Personally, I haven’t become more afraid, but I do take fewer risks than I used to. I don’t want my company to blame me afterward. In Turkey, for example, I don’t go to Taksim Square so quickly anymore because there are often demonstrations there and the police can become aggressive if they feel that you are behaving wrongly.

My colleagues from the Middle East have also become more cautious when I am with them. My colleague Zafrir, for example, no longer wants to take me to Jerusalem. The people there think I’m a Jew, which potentially puts me in as much danger as the other Jews. According to my Turkish friend Iskender, I have a face that you can’t put nationality on. When I walk down the street in Israel or order something in a restaurant, they speak to me in Jewish. In Iran in Persian, in Turkey in Turkish, and in Egypt in Arabic.

Beautiful Reina

Because I travel a lot, I have been to many places where a terrorist attacks took place. The airport in Brussels where I am a child at home, the airport in Turkey where I stood at least a hundred times at the place where the bombs exploded, the Egyptian Copt Church, and the nightclub Reina, where all hell broke loose in New Year’s Eve.

I often went to Reina and have very good memories of it. It is not a decadent place at all, but a beautiful place where you can eat something tasty at your leisure with a view of the Bosphorus. My colleagues and I celebrated our successes there every Thursday evening or tried to ease our grief over failed negotiations.

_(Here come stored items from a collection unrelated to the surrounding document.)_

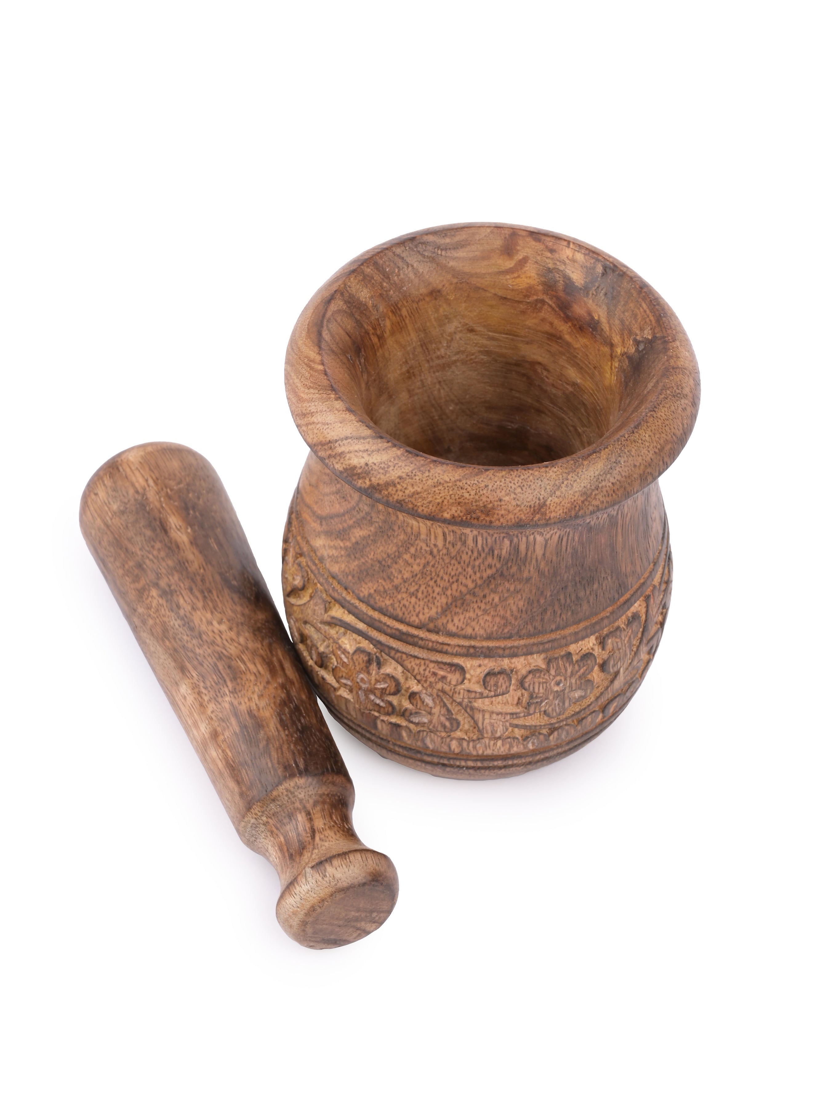 This set is made of Mango wood which is known for its durability, antique looks & strength. The pestle grinder comes with an ergonomic design which is comfortable to hold and the smooth finish won't hurt your hands after a long time use.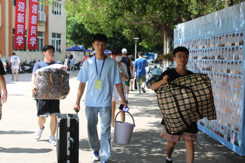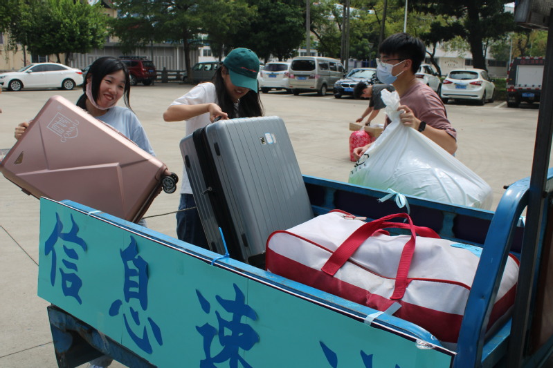 新生抵达校园后,“信息蓝”们兵分两路,一路人将新生带到大本营前进行签到交接后,指引新生在照片墙前打卡拍照,另一路驾驶“信息速递”三轮车,将新生的大件行李运送至宿舍楼。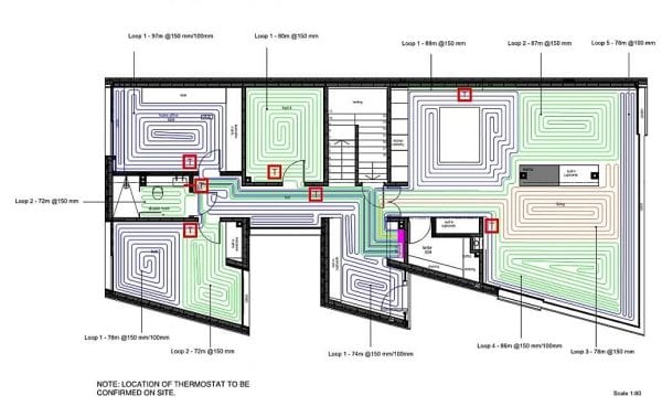 Pentru proiect încălzire în pardoseală cu agent termic, nu folosim niciun [program] underfloor heating software, niciun LoopCad. În spatele lor sunt ingineri de instalații. Ca noi. Să ne spunem old school. De aceea să funcționeze instalațiile noastre? Bine, în România, proiectare = obținere avize, proiect încălzire = desene color în PDF și o listă cu: plăci cu nuturi, 3 grupuri de pompare amestec, o butelcuță de egalizare, 8 senzori de șapă.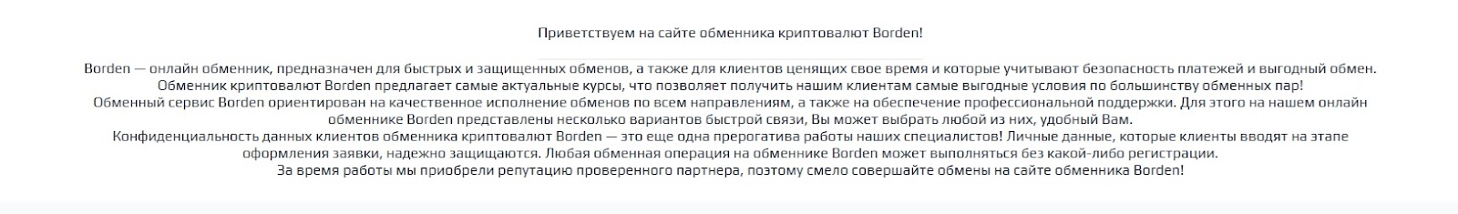 Borden — это просто сайт для обмена криптовалюты на другие деньги и обратно. Он обещает быстрые и безопасные операции. Кто стоит за этим сервисом — неизвестно. Ни имен, ни истории компании на сайте нет. Всё обезличено, есть только логотип и инструкции.

A Turkish business manager showed me police photos from just after the attack in Reina. Slaughtered youngsters who were nicely dressed and lay under the tables I have eaten so often. That was heartbreaking. He really wanted me to look at those pictures and told me, “This is what we have to learn to live with.”

To conclude, I want to give an anecdote. When I work in my office in Brussels, I regularly take the metro that passes by Maelbeek. The irony is that I wasn’t on it that day, because I… was on a business trip. So you see.